= Beginning of Section =
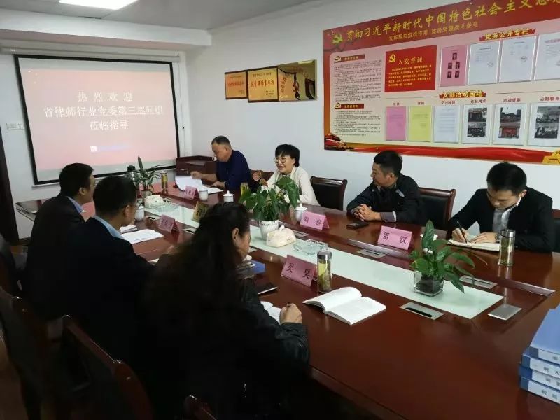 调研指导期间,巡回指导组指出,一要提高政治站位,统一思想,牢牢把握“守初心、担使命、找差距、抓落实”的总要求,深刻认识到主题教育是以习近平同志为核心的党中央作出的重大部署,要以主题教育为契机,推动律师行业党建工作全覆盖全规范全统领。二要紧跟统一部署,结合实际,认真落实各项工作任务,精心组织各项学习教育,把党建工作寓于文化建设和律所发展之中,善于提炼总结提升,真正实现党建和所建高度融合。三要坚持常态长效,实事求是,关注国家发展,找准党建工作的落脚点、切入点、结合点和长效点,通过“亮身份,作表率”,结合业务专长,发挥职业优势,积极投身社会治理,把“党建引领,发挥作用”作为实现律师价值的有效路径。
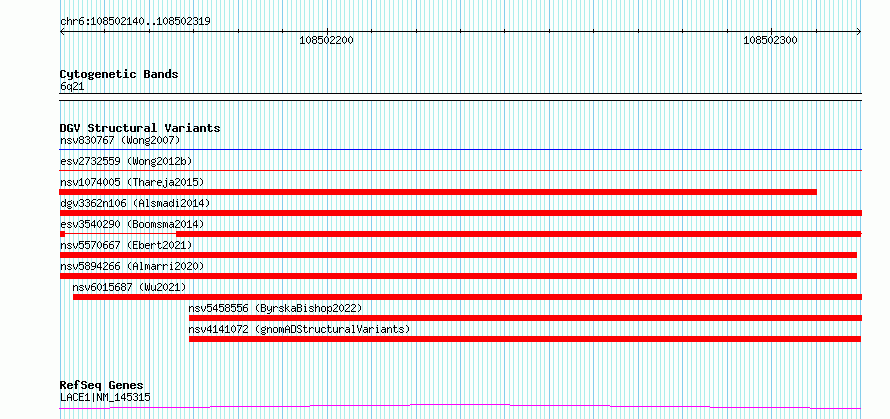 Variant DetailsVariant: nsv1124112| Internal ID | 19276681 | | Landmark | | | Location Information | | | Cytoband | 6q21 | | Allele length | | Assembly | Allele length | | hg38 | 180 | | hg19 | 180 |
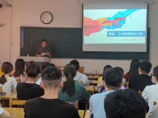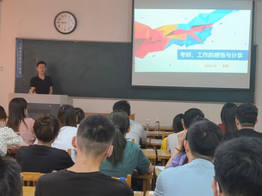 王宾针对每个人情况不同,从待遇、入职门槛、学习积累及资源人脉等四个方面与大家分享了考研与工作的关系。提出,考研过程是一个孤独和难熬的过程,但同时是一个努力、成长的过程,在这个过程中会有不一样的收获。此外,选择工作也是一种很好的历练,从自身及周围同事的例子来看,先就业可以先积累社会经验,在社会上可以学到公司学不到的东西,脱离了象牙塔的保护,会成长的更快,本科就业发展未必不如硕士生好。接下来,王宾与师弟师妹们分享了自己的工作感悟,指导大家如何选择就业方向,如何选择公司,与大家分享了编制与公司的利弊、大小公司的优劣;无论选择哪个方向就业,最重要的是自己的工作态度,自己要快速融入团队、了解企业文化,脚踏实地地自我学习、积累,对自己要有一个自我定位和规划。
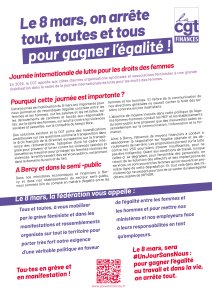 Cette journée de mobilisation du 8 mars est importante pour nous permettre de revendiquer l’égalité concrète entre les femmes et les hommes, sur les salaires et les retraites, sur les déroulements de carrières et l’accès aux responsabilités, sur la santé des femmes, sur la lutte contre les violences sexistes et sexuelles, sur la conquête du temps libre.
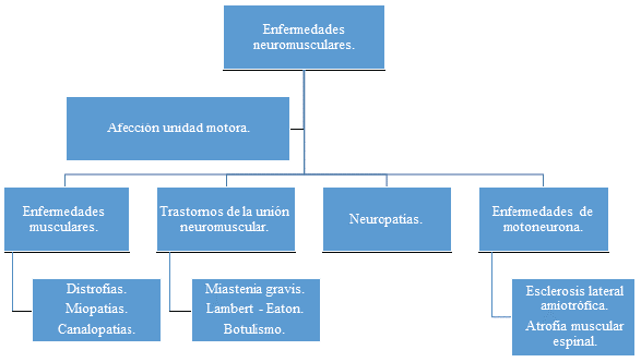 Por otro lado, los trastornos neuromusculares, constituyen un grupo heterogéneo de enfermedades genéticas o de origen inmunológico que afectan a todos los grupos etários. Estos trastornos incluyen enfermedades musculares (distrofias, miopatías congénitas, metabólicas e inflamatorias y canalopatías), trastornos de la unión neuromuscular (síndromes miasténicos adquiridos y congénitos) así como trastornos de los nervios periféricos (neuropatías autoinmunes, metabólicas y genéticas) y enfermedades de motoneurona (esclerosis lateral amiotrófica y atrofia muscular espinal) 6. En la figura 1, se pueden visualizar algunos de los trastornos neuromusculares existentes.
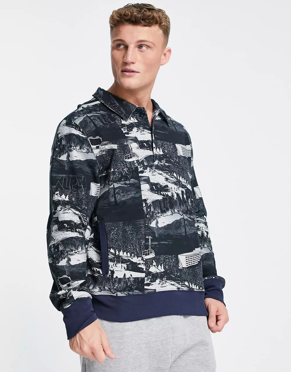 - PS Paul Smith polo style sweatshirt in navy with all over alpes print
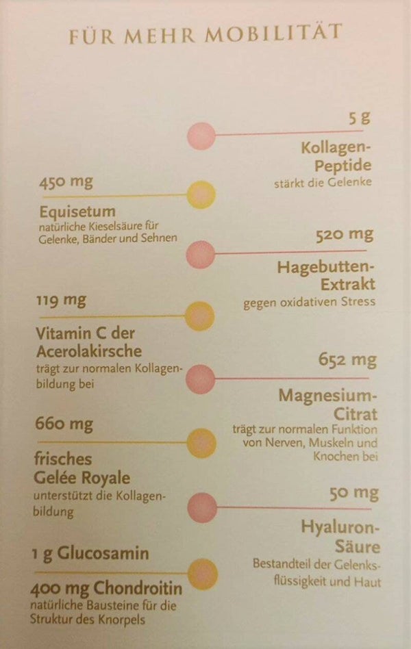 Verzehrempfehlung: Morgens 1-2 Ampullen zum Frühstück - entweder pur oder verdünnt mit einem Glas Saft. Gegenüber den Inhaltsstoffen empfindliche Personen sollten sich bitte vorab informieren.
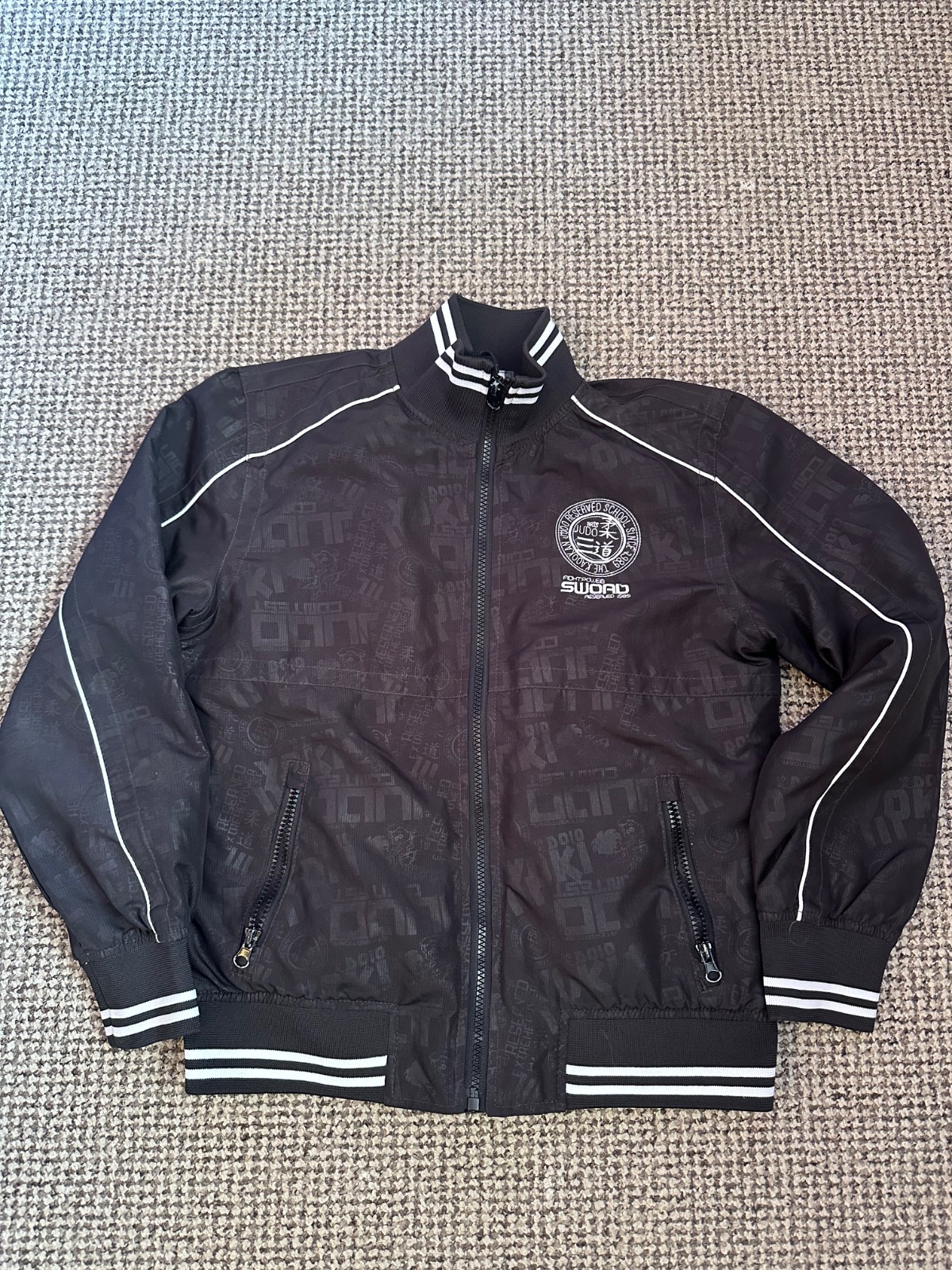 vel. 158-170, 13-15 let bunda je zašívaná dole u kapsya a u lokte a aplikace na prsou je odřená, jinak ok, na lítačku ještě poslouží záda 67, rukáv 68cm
= End of Section =
Work request: Exactly the lines above, from the one containing "王宾针对每个人情况不同,从待" down to the one containing "- PS Paul Smith", are to be repeated, including both ends. Pictures are not part of the copy.

Exercise result:
 王宾针对每个人情况不同,从待遇、入职门槛、学习积累及资源人脉等四个方面与大家分享了考研与工作的关系。提出,考研过程是一个孤独和难熬的过程,但同时是一个努力、成长的过程,在这个过程中会有不一样的收获。此外,选择工作也是一种很好的历练,从自身及周围同事的例子来看,先就业可以先积累社会经验,在社会上可以学到公司学不到的东西,脱离了象牙塔的保护,会成长的更快,本科就业发展未必不如硕士生好。接下来,王宾与师弟师妹们分享了自己的工作感悟,指导大家如何选择就业方向,如何选择公司,与大家分享了编制与公司的利弊、大小公司的优劣;无论选择哪个方向就业,最重要的是自己的工作态度,自己要快速融入团队、了解企业文化,脚踏实地地自我学习、积累,对自己要有一个自我定位和规划。
 Cette journée de mobilisation du 8 mars est importante pour nous permettre de revendiquer l’égalité concrète entre les femmes et les hommes, sur les salaires et les retraites, sur les déroulements de carrières et l’accès aux responsabilités, sur la santé des femmes, sur la lutte contre les violences sexistes et sexuelles, sur la conquête du temps libre.
 Por otro lado, los trastornos neuromusculares, constituyen un grupo heterogéneo de enfermedades genéticas o de origen inmunológico que afectan a todos los grupos etários. Estos trastornos incluyen enfermedades musculares (distrofias, miopatías congénitas, metabólicas e inflamatorias y canalopatías), trastornos de la unión neuromuscular (síndromes miasténicos adquiridos y congénitos) así como trastornos de los nervios periféricos (neuropatías autoinmunes, metabólicas y genéticas) y enfermedades de motoneurona (esclerosis lateral amiotrófica y atrofia muscular espinal) 6. En la figura 1, se pueden visualizar algunos de los trastornos neuromusculares existentes.
 - PS Paul Smith polo style sweatshirt in navy with all over alpes print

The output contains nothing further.